TTC

The Best Part….

I know I owe so many blog posts about a variety of topics – I have so many passages started and not completed. Not only for sheer lack of time and energy which is real but also my feelings tend to mutate on these fragile topics with the wind!!

For now, one thing I know for absolute certain is I’ve figured out my favorite part. Of the whole entire thing, and it’s not what you think. Motherhood, is amazing. Incredibly challenging and even taxing at times. My daughter is an angel, she has her moments, but honestly she’s a great baby.

Motherhood, and all that comes with it had been quite a rollercoaster. Today, my daughter is 2 months old, officially and it’s just been a blurry amazing WHIZ of a moment in my life. The speed at which time travels now is insane. Not at all fair, but I’m soaking up every coo, cuddle, snuggle, and everything in between.

Oh yes – the point let’s get back to it shall we?? I figured out the best part. My favorite part about my daughter. While I’m obsessed with her gorgeous eyes, jelly rolls, the adorable mohawk she’s has since she was born, her “taquito” toes, and every single other detail about her…. I have to say the single best part is her left cheek.

I find myself paying special attention to that little left cheek. It’s always the one I kiss every time I pick her up, it’s the one that snuggles right into my own left cheek when we cuddle and when she feels extra clingy and just needs her mama…. that little left cheek, who knew. Sometimes I worry I’m gonna wear that one side down cause i can’t help myself it’s just THE BEST PART!

*pause to kiss left cheek as I rock and type this passage as she sleeps on my chest*

While I’m sure it does, I just can’t help but think it does not ever get better than moments like this… and this is all there is right now!! Thanks to a global pandemic, this is basically the entirety of my existence right now… I mean… there’s a lot of moving cogs to motherhood starting around 3:30 am this morning with our first feed of the day leading back into bed for her and an hour long pumping session for me, my day basically starts at 3:30 now but honesty…. I wouldn’t trade it for anything. A single brush against that left cheek fixes everything…. everything.

For now, that’s it. I gotta get back to that cheek. I haven’t kissed or rubbed my face on it for at least a minute so we’re due here, but I wanted to update you on this beautiful life…..❤️

TTC

Why do you want this so bad anyway???

Current status

  • Cycle Day: 33
  • Fertility Treatments: None
  • Pregnancy Tests: 2, both 👎🏼 
  • Emotional Status: Ambivalence

Lately, I’ve been asking myself WHY a lot. Why do I want this so bad? Why is it not happening for me? Why can’t I seem to feel better about the waiting, and the trying!? Why why why!! That feeling of unknown helplessness is really hard to shake.

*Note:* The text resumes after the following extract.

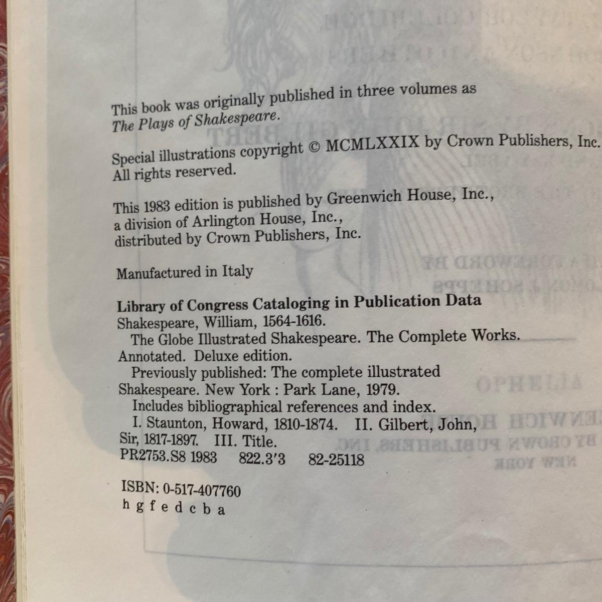 LOT 109: William Shakespeare Literary Collections and Other Books Conserning Shakespeare

And I may have stumbled upon at least part of the answer the other day in the shower. While flushing away the day, and contemplating the meaning of it all…. the following thought popped into my brain. It went something like this:

“You’ve been telling yourself not to give up, and to see this through. At all costs…. but, why is it so important to have kids after all?” …. I paused for a moment…. and answered myself with the following:

I think of my childhood sometimes. My mom was a teen mom, before MTV  made it a reality show- it was our reality. She did the very best she could – and miraculously I grew up into a real live functioning adult woman. I love her so much, appreciate everything she did and sacrificed to keep me and to raise me. There was however, a lot that I missed out on as a kid and even then I was at least somewhat aware of it.  There was no father in the picture, so just on a very basic level there were things I yearned for that were just not within reach.

So, fast forward to today, I seem to have an invisible list in my head of all the things I ever wanted as a child and I’m in a position to give all of those things to my own children—now! I think there’s a part of me that feels like if I could do that, then any lingering feelings about my own childhood would be resolved.

Whoa??? Hmmmm….. could it be that simple??? Does everyone that decides to have kids already know and feel this way? I feel like I’m late to the party having just come to this realization… better late than never I suppose. 

Now, I’m aware that the concept is flawed…. I think everyone has bits of their childhood they wish they could change, erase, supplement or alter, but those are the things that makeus who we are! Accepting your own journey is important. For me, I need to accept that if we never have kids I’ve still managed to give my adult self a pretty awesome life !!

So, in the end this thought process did manage to ease the tension a bit on my own shoulders. I’m trying to give myself a break, and some room to just be. 

(And Mom, if you’re reading this… thank you for my childhood, no one’s is perfect, but I know how hard you worked to give me the one I had. Hopefully some day, we can spoil the hell out of your grandkids and make their lives way better than our own!)